*What is being asked*: Within the lines below, the span from the line with "Terugslagveer met stuurhoeksensor" to the line with "Независимая электрическая соло", both ends included, is to be reproduced exactly, with pictures omitted.

---------- Supplied data ----------

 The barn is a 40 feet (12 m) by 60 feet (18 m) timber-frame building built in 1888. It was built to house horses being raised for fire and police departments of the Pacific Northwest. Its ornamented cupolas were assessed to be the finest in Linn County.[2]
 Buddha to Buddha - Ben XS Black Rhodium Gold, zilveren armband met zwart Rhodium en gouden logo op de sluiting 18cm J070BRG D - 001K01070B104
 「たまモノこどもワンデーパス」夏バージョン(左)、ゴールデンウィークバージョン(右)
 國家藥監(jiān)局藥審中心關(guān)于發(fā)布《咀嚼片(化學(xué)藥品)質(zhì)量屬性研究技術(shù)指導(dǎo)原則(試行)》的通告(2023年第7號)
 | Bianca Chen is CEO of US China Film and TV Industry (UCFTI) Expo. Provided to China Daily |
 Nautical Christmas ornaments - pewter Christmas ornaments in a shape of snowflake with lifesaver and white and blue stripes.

----------
---------- Supplied data ----------

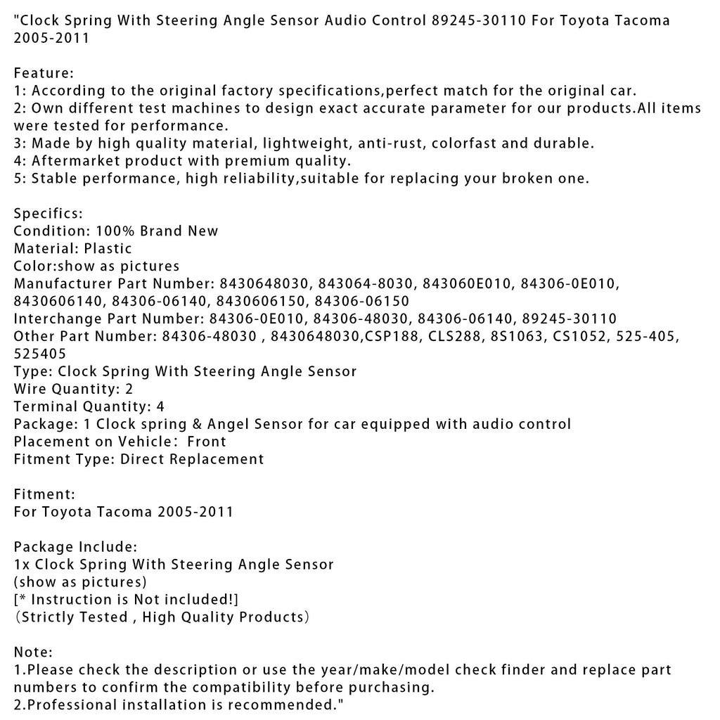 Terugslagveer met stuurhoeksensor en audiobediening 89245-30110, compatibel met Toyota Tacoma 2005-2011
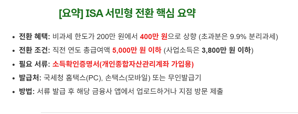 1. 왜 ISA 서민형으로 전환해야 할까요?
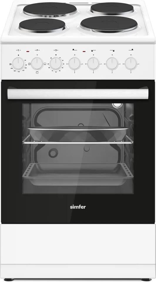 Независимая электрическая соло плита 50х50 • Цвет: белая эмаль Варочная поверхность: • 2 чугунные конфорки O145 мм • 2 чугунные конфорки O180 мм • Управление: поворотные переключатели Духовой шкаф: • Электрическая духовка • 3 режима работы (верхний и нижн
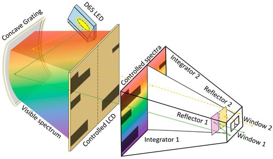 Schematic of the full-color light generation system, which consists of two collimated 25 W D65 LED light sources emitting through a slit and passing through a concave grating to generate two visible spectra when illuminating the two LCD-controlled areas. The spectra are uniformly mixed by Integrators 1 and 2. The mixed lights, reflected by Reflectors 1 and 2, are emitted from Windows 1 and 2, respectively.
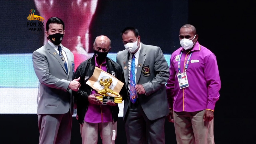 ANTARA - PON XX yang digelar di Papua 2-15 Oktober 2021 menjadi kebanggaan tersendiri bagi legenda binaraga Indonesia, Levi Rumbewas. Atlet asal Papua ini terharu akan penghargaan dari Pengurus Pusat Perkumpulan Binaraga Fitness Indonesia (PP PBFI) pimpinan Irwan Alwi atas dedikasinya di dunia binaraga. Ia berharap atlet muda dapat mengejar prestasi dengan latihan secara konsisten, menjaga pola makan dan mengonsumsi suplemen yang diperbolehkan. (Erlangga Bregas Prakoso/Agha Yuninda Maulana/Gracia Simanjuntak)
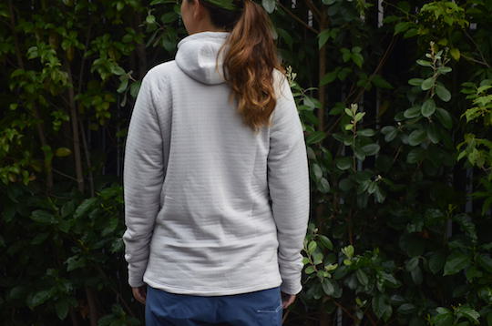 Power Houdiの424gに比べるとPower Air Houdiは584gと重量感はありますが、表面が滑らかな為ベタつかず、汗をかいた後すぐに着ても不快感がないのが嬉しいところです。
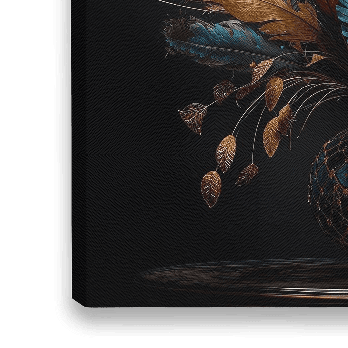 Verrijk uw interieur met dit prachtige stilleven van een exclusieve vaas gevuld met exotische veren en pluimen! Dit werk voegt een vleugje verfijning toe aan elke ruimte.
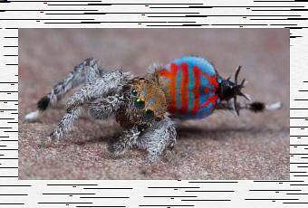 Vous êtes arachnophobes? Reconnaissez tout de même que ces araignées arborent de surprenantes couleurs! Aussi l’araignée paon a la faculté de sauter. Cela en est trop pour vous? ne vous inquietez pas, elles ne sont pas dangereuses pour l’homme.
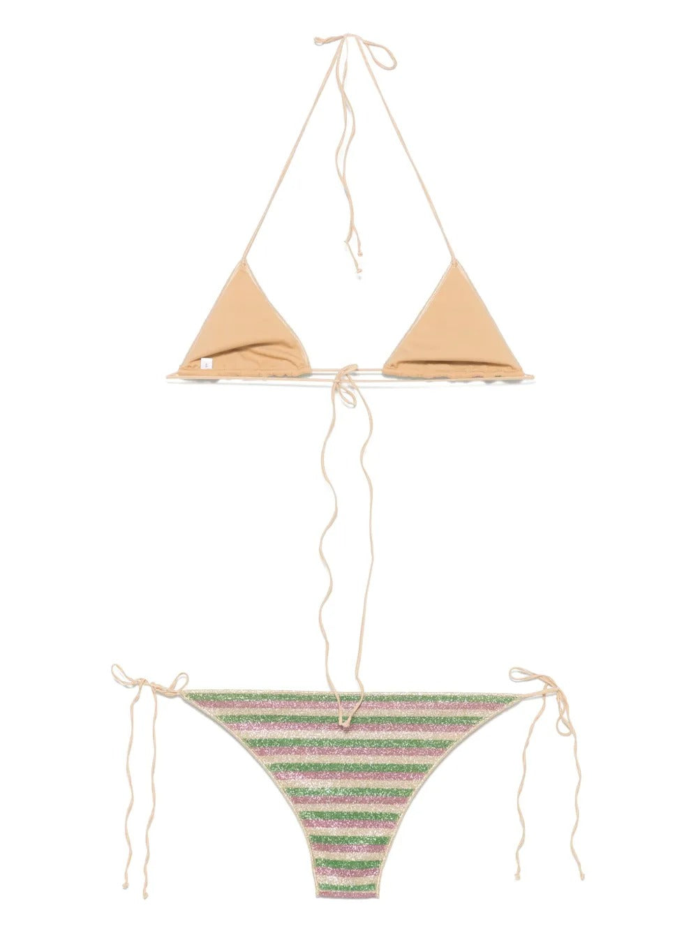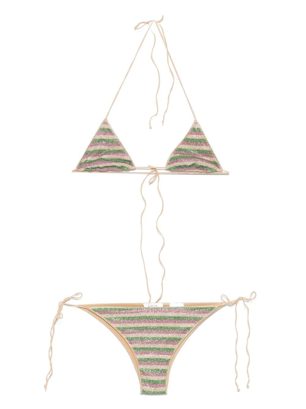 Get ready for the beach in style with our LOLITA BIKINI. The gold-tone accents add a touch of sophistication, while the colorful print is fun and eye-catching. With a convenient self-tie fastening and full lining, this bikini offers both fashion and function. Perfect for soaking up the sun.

----------
---------- Supplied data ----------

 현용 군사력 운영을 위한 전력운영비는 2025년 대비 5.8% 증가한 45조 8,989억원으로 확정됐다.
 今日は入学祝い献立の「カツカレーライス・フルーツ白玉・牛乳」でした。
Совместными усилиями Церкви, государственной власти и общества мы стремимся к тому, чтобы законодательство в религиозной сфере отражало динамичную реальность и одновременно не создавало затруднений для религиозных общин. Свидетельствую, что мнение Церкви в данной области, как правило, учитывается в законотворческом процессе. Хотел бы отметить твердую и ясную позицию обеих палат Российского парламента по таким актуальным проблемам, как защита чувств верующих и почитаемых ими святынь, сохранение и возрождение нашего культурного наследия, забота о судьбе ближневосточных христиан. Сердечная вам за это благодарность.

----------

*Solution*:
 Terugslagveer met stuurhoeksensor en audiobediening 89245-30110, compatibel met Toyota Tacoma 2005-2011
 1. 왜 ISA 서민형으로 전환해야 할까요?
 Независимая электрическая соло плита 50х50 • Цвет: белая эмаль Варочная поверхность: • 2 чугунные конфорки O145 мм • 2 чугунные конфорки O180 мм • Управление: поворотные переключатели Духовой шкаф: • Электрическая духовка • 3 режима работы (верхний и нижн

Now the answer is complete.